# [DATA TO PROCESS]
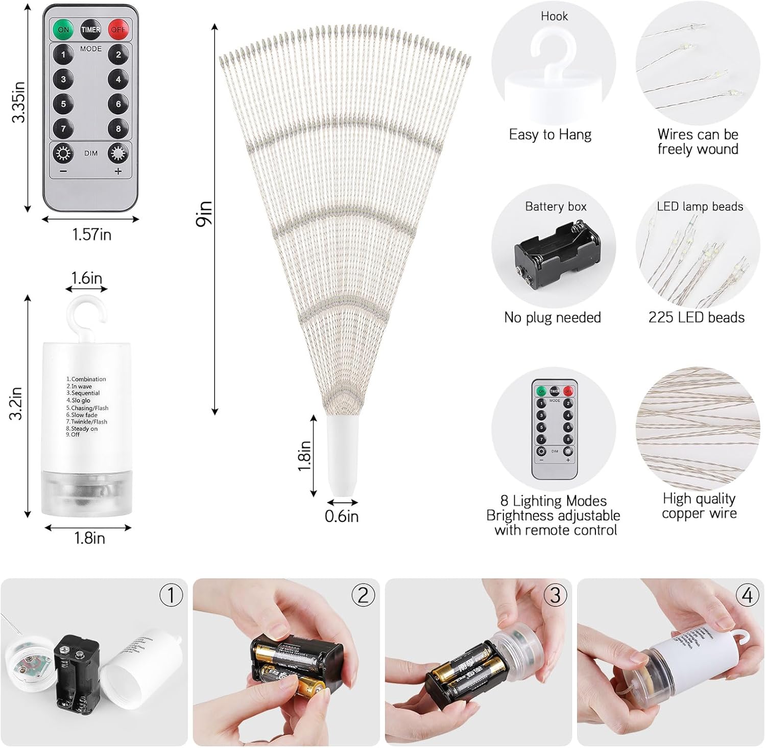 Admitrack Starburst String Lights Christmas Lights, 225 LED 8 Modes Dimmable with Remote Control, Waterproof Copper Wire Decorative Hanging for Party Patio Garden Decoration (White, 4PC)
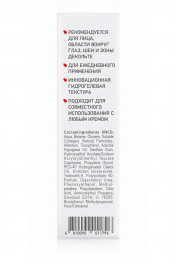 Ретинол (Retinyl Palmitate) – является естественной производной витамина А. Способствует уменьшению морщин за счет их разглаживания, применяется для уменьшения возможной гиперпигментации, стимулируя обновление клеток. Возвращает коже упругость и эластичность, придает ей мягкость, шелковистость. Коллаген – высокоочищенный коллаген морского происхождения обладает способностью поддерживать достаточный уровень влаги, оказывает лифтинг-эффект, разглаживает микрорельеф кожи. Придает коже шелковистость и гладкость. Сыворотка может использоваться самостоятельно и для обогащения средства основного ухода для усиления его действия. Применение Нанести небольшое количество сыворотки на очищенную сухую кожу лица. Применять ежедневно для достижения видимого результата. Объем: 30 г
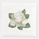 Party paper napkins shown in the white dinner size with a art print of pretty vintage rose in white.
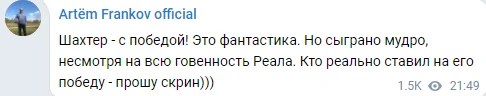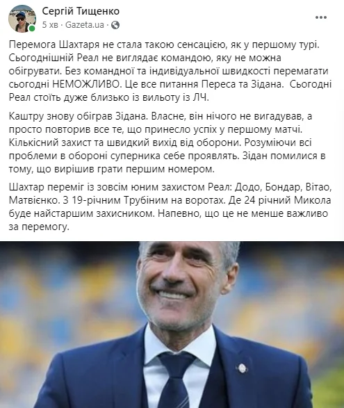 "Футбол 24" зібрав першу реакцію експертів та відомих уболівальників за мотивами матчу 5-го туру Ліги чемпіонів Шахтар – Реал (2:0).
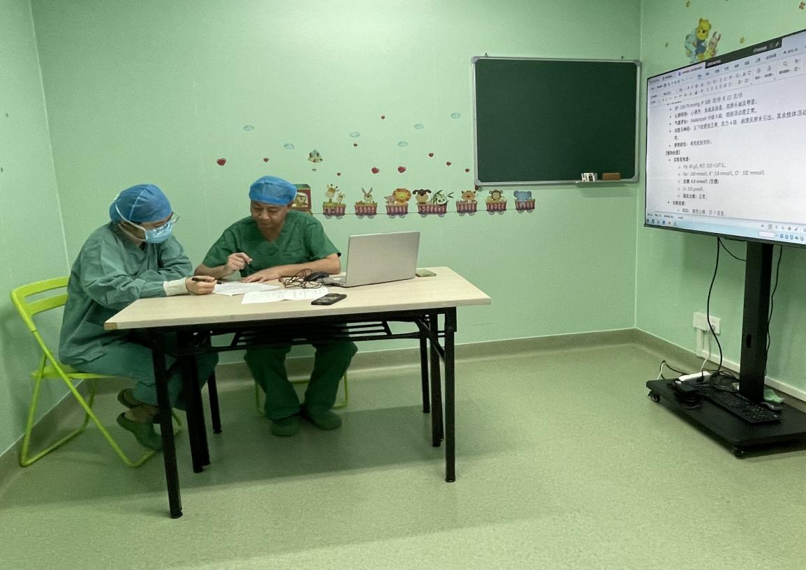 麻醉专业基地曾金主任(右一)对陈丽娜医师(左一)进行病历书写指导
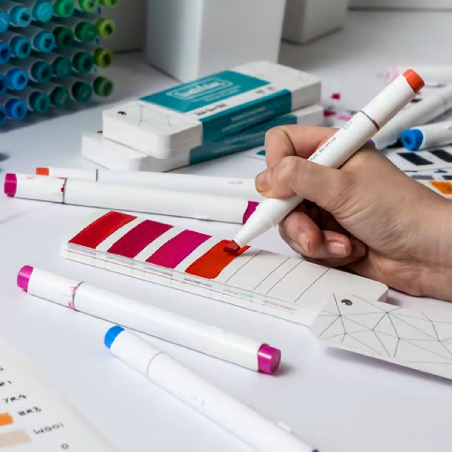 The 400gsm surface makes swatching fun and has been tested with 100s of brands of pencils, markers, and even watercolour paints.
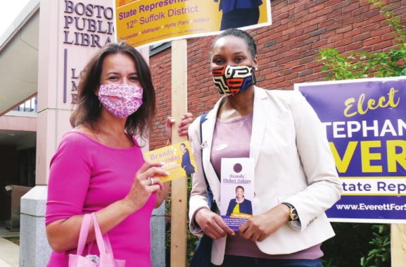 City Councilor Annissa Essaibi George and state Rep.-Elect Brandy Flucker-Oakley greet voters at the Lower Mills Branch of the Boston Public Library during the Sept. 1 primary.
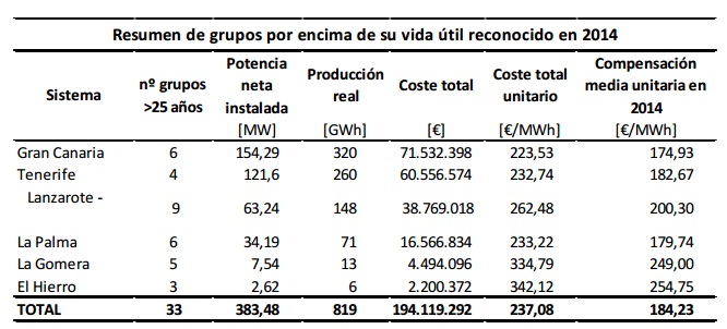 Pues bien, según el informe que acaba de publicar la CNMC, en la actualidad existen 33 grupos térmicos en Canarias con una potencia conjunta de 383 megavatios (MW) que se encuentran en operación a pesar de haber cumplido los 25 años de vida útil regulatoria. El año pasado, el coste total de estos grupos (lo que cobraron por todos los megavatios hora que generaron) ascendió a 194 millones de euros. Habida cuenta de todo ello, el informe de la CNMC asegura que, "suponiendo que, gracias a la modificación de la Orden, al menos una parte de los mencionados grupos envejecidos pudiera ser sustituida por grupos eólicos (sin perjuicio del necesario mantenimiento de determinados grupos, o la sustitución por otros capaces de aportar la necesaria garantía de potencia) hasta agotar los 450 MW previstos, se conseguirían cuantiosos ahorros en la explotación".
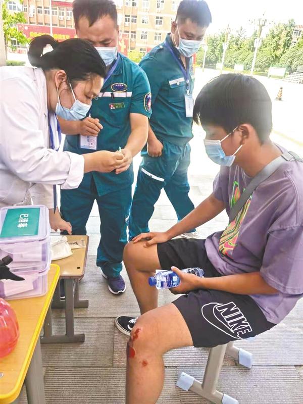 考生骑车摔伤,医务人员及时进行处置。 通讯员 宋全力 黄耀宗 摄

# [WHAT THE EXERCISE ASKS]
What belongs in the answer is each line above, reproduced exactly, and no picture.

# [EXERCISE ANSWER]
 Admitrack Starburst String Lights Christmas Lights, 225 LED 8 Modes Dimmable with Remote Control, Waterproof Copper Wire Decorative Hanging for Party Patio Garden Decoration (White, 4PC)
 Ретинол (Retinyl Palmitate) – является естественной производной витамина А. Способствует уменьшению морщин за счет их разглаживания, применяется для уменьшения возможной гиперпигментации, стимулируя обновление клеток. Возвращает коже упругость и эластичность, придает ей мягкость, шелковистость. Коллаген – высокоочищенный коллаген морского происхождения обладает способностью поддерживать достаточный уровень влаги, оказывает лифтинг-эффект, разглаживает микрорельеф кожи. Придает коже шелковистость и гладкость. Сыворотка может использоваться самостоятельно и для обогащения средства основного ухода для усиления его действия. Применение Нанести небольшое количество сыворотки на очищенную сухую кожу лица. Применять ежедневно для достижения видимого результата. Объем: 30 г
 Party paper napkins shown in the white dinner size with a art print of pretty vintage rose in white.
 "Футбол 24" зібрав першу реакцію експертів та відомих уболівальників за мотивами матчу 5-го туру Ліги чемпіонів Шахтар – Реал (2:0).
 麻醉专业基地曾金主任(右一)对陈丽娜医师(左一)进行病历书写指导
 The 400gsm surface makes swatching fun and has been tested with 100s of brands of pencils, markers, and even watercolour paints.
 City Councilor Annissa Essaibi George and state Rep.-Elect Brandy Flucker-Oakley greet voters at the Lower Mills Branch of the Boston Public Library during the Sept. 1 primary.
 Pues bien, según el informe que acaba de publicar la CNMC, en la actualidad existen 33 grupos térmicos en Canarias con una potencia conjunta de 383 megavatios (MW) que se encuentran en operación a pesar de haber cumplido los 25 años de vida útil regulatoria. El año pasado, el coste total de estos grupos (lo que cobraron por todos los megavatios hora que generaron) ascendió a 194 millones de euros. Habida cuenta de todo ello, el informe de la CNMC asegura que, "suponiendo que, gracias a la modificación de la Orden, al menos una parte de los mencionados grupos envejecidos pudiera ser sustituida por grupos eólicos (sin perjuicio del necesario mantenimiento de determinados grupos, o la sustitución por otros capaces de aportar la necesaria garantía de potencia) hasta agotar los 450 MW previstos, se conseguirían cuantiosos ahorros en la explotación".
 考生骑车摔伤,医务人员及时进行处置。 通讯员 宋全力 黄耀宗 摄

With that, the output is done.